● **The data**
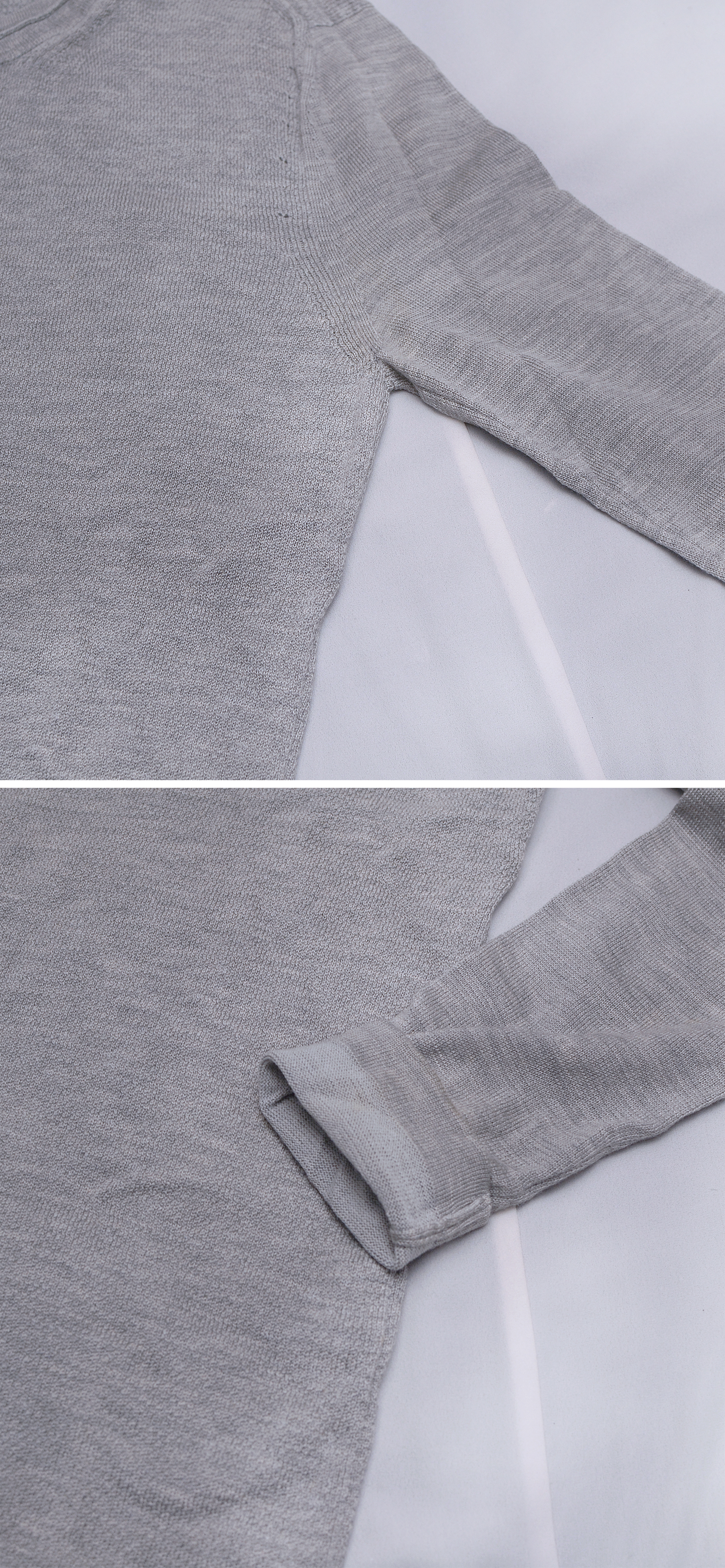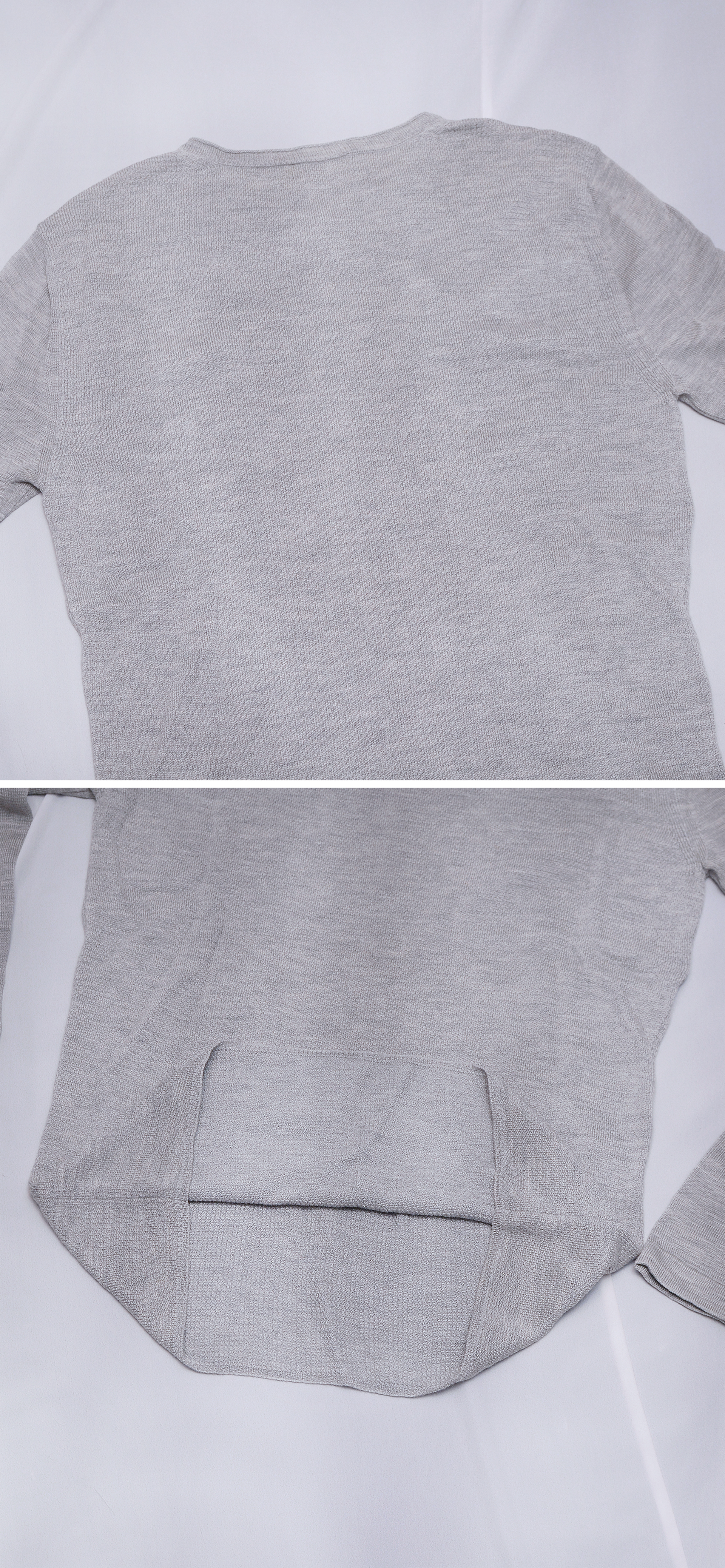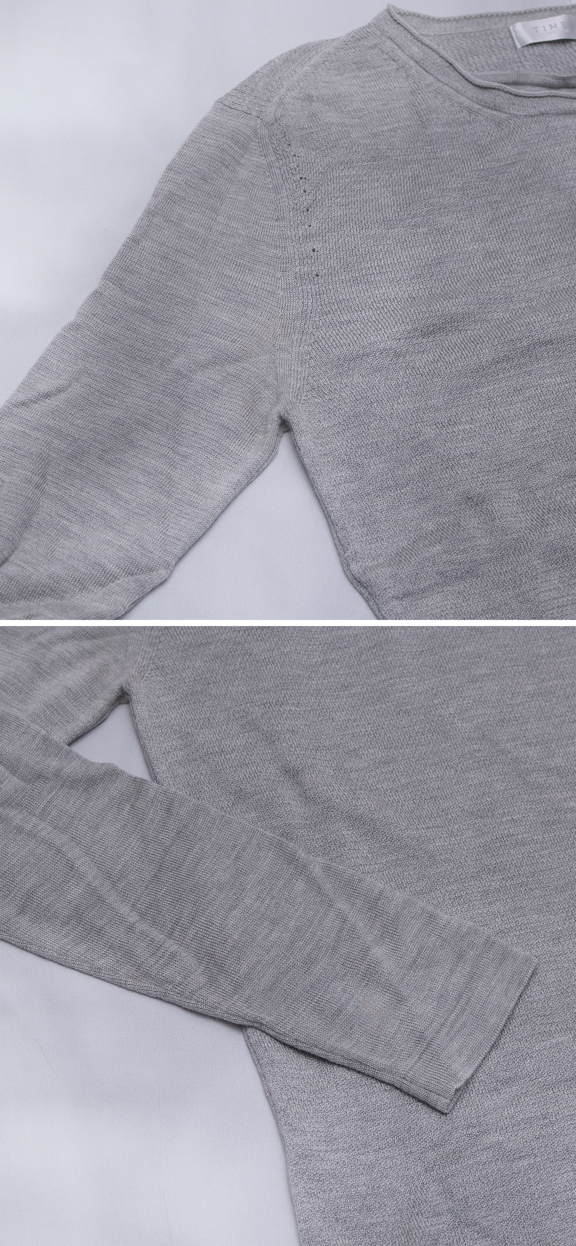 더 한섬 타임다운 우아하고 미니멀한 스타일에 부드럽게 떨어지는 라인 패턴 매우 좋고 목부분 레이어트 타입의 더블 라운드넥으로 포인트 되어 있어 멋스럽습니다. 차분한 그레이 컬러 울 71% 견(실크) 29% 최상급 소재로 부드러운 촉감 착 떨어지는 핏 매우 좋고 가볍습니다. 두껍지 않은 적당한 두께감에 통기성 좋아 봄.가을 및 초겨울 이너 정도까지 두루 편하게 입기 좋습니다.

* * *

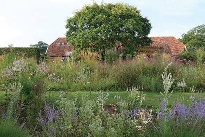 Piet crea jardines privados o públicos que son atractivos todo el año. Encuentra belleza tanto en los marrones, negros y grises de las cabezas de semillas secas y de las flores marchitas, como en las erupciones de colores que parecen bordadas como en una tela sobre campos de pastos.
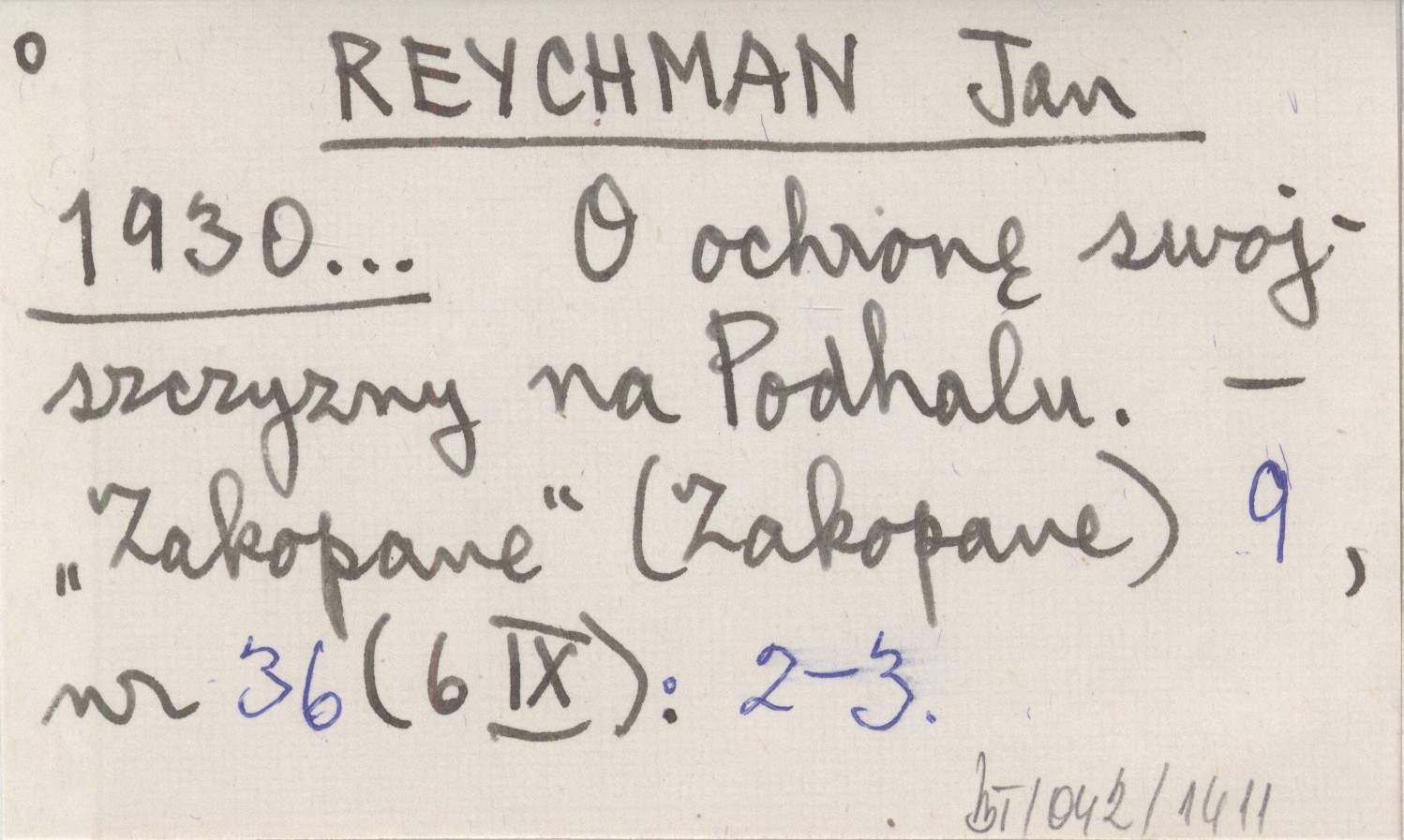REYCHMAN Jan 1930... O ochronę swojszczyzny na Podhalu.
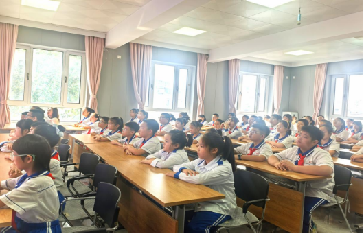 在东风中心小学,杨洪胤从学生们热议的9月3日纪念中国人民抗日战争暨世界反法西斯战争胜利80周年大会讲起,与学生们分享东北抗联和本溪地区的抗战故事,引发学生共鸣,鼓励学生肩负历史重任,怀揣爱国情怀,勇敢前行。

● **Exercise aim**
Each line between the one holding "REYCHMAN Jan 1930..." and the one holding "在东风中心小学,杨洪胤从学生", inclusive, should be copied exactly as it appears above, and pictures should be omitted.

● **Task response**
REYCHMAN Jan 1930... O ochronę swojszczyzny na Podhalu.
 在东风中心小学,杨洪胤从学生们热议的9月3日纪念中国人民抗日战争暨世界反法西斯战争胜利80周年大会讲起,与学生们分享东北抗联和本溪地区的抗战故事,引发学生共鸣,鼓励学生肩负历史重任,怀揣爱国情怀,勇敢前行。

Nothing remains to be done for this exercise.